Instructions to follow>
Write out exactly the lines below starting at the one containing "冲突应该是没办法避免的,小程" and ending at the one containing "తెలంగాణ ప్రభుత్వం ప్రతిష్ఠాత్మకంగా". Omit every picture.

Extracted information>
##########
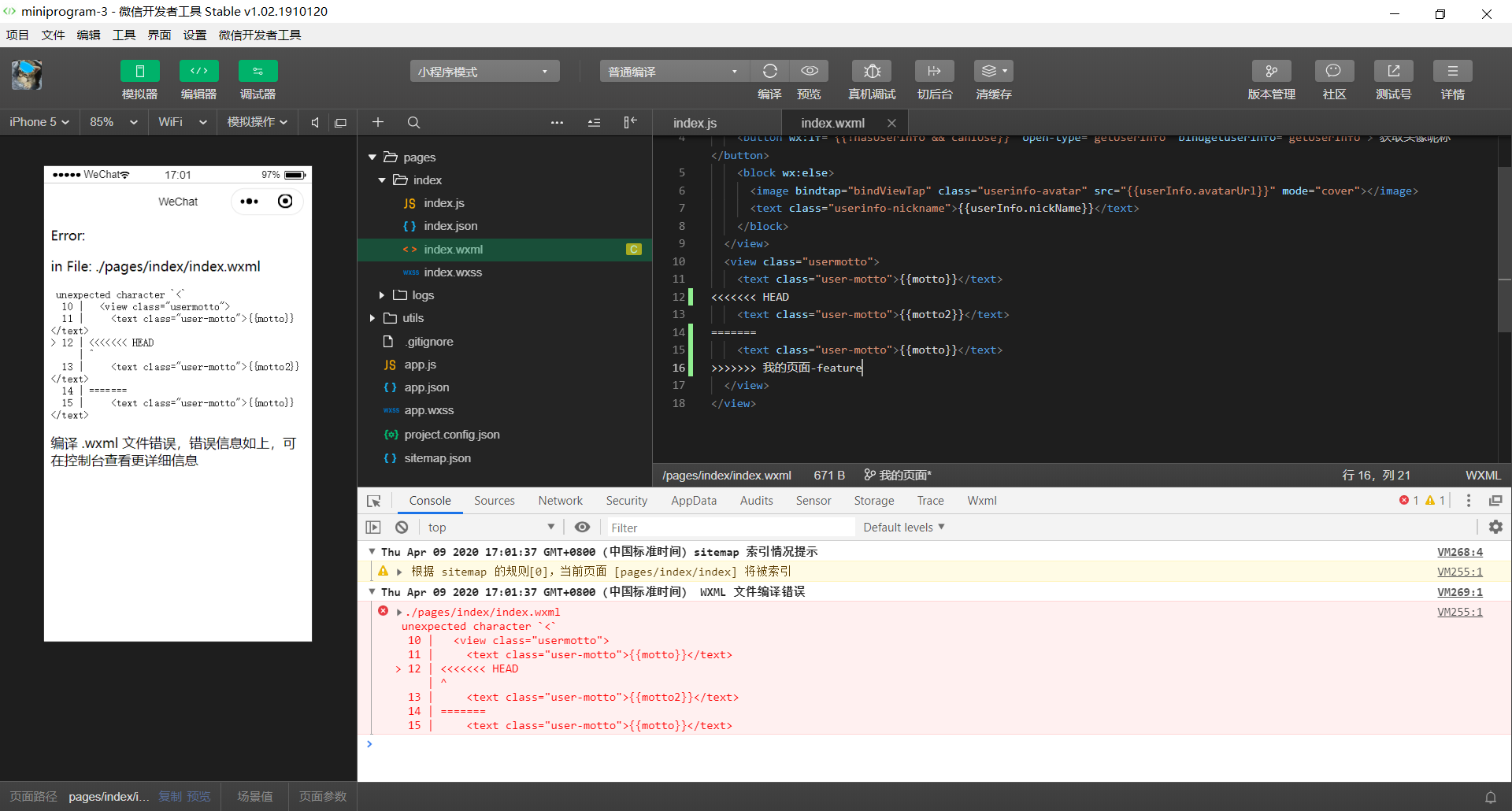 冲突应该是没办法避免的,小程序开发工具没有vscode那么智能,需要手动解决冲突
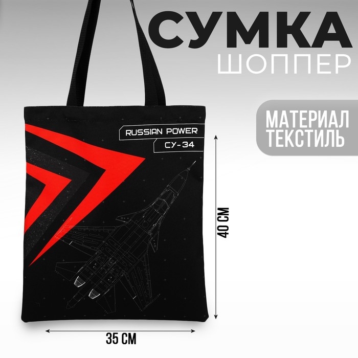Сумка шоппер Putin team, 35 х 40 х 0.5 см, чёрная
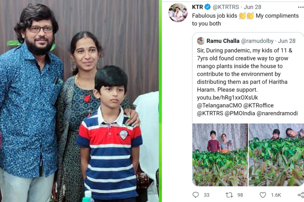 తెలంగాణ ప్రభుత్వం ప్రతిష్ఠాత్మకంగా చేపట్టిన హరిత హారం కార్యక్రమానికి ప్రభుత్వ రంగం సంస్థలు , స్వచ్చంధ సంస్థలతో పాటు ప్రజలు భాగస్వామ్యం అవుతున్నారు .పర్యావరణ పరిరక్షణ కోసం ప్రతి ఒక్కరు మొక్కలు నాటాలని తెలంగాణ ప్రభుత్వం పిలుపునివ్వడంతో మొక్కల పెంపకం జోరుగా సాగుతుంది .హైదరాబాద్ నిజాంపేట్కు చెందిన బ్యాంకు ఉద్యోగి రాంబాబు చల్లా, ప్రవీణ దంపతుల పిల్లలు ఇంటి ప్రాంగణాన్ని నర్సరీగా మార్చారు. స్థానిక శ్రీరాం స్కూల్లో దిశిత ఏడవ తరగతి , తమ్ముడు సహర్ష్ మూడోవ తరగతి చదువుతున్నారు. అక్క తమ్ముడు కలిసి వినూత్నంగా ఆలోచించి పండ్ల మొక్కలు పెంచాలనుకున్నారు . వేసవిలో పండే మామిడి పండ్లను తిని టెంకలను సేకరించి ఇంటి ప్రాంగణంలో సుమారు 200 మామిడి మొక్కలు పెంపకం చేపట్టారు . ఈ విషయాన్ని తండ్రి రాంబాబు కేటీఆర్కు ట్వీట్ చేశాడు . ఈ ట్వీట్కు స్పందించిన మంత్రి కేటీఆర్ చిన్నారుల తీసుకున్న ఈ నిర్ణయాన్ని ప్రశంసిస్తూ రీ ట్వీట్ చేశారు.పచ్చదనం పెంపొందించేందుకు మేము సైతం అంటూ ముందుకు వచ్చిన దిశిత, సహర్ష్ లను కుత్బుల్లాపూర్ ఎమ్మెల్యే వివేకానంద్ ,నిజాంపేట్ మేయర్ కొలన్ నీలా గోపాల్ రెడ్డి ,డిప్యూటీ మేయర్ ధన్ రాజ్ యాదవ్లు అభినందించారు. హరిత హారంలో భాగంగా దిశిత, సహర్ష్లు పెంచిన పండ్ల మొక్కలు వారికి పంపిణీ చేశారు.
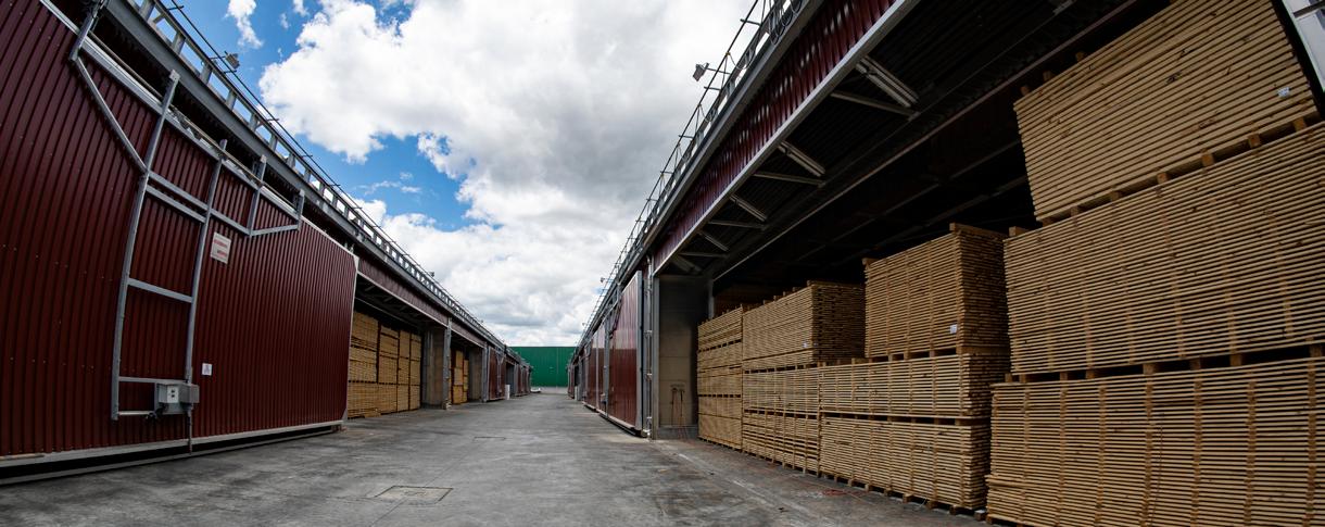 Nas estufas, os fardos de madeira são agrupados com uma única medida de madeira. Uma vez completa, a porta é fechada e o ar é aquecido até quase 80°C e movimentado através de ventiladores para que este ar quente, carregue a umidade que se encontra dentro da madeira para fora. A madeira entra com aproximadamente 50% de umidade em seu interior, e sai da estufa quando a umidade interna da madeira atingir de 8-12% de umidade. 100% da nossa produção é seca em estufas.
##########
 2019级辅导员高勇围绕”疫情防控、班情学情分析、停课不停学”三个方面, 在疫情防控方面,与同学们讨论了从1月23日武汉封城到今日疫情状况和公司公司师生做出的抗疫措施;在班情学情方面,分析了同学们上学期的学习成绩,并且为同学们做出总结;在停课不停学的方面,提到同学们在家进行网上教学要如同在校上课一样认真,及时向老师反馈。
##########
Task output>
 冲突应该是没办法避免的,小程序开发工具没有vscode那么智能,需要手动解决冲突
Сумка шоппер Putin team, 35 х 40 х 0.5 см, чёрная
 తెలంగాణ ప్రభుత్వం ప్రతిష్ఠాత్మకంగా చేపట్టిన హరిత హారం కార్యక్రమానికి ప్రభుత్వ రంగం సంస్థలు , స్వచ్చంధ సంస్థలతో పాటు ప్రజలు భాగస్వామ్యం అవుతున్నారు .పర్యావరణ పరిరక్షణ కోసం ప్రతి ఒక్కరు మొక్కలు నాటాలని తెలంగాణ ప్రభుత్వం పిలుపునివ్వడంతో మొక్కల పెంపకం జోరుగా సాగుతుంది .హైదరాబాద్ నిజాంపేట్కు చెందిన బ్యాంకు ఉద్యోగి రాంబాబు చల్లా, ప్రవీణ దంపతుల పిల్లలు ఇంటి ప్రాంగణాన్ని నర్సరీగా మార్చారు. స్థానిక శ్రీరాం స్కూల్లో దిశిత ఏడవ తరగతి , తమ్ముడు సహర్ష్ మూడోవ తరగతి చదువుతున్నారు. అక్క తమ్ముడు కలిసి వినూత్నంగా ఆలోచించి పండ్ల మొక్కలు పెంచాలనుకున్నారు . వేసవిలో పండే మామిడి పండ్లను తిని టెంకలను సేకరించి ఇంటి ప్రాంగణంలో సుమారు 200 మామిడి మొక్కలు పెంపకం చేపట్టారు . ఈ విషయాన్ని తండ్రి రాంబాబు కేటీఆర్కు ట్వీట్ చేశాడు . ఈ ట్వీట్కు స్పందించిన మంత్రి కేటీఆర్ చిన్నారుల తీసుకున్న ఈ నిర్ణయాన్ని ప్రశంసిస్తూ రీ ట్వీట్ చేశారు.పచ్చదనం పెంపొందించేందుకు మేము సైతం అంటూ ముందుకు వచ్చిన దిశిత, సహర్ష్ లను కుత్బుల్లాపూర్ ఎమ్మెల్యే వివేకానంద్ ,నిజాంపేట్ మేయర్ కొలన్ నీలా గోపాల్ రెడ్డి ,డిప్యూటీ మేయర్ ధన్ రాజ్ యాదవ్లు అభినందించారు. హరిత హారంలో భాగంగా దిశిత, సహర్ష్లు పెంచిన పండ్ల మొక్కలు వారికి పంపిణీ చేశారు.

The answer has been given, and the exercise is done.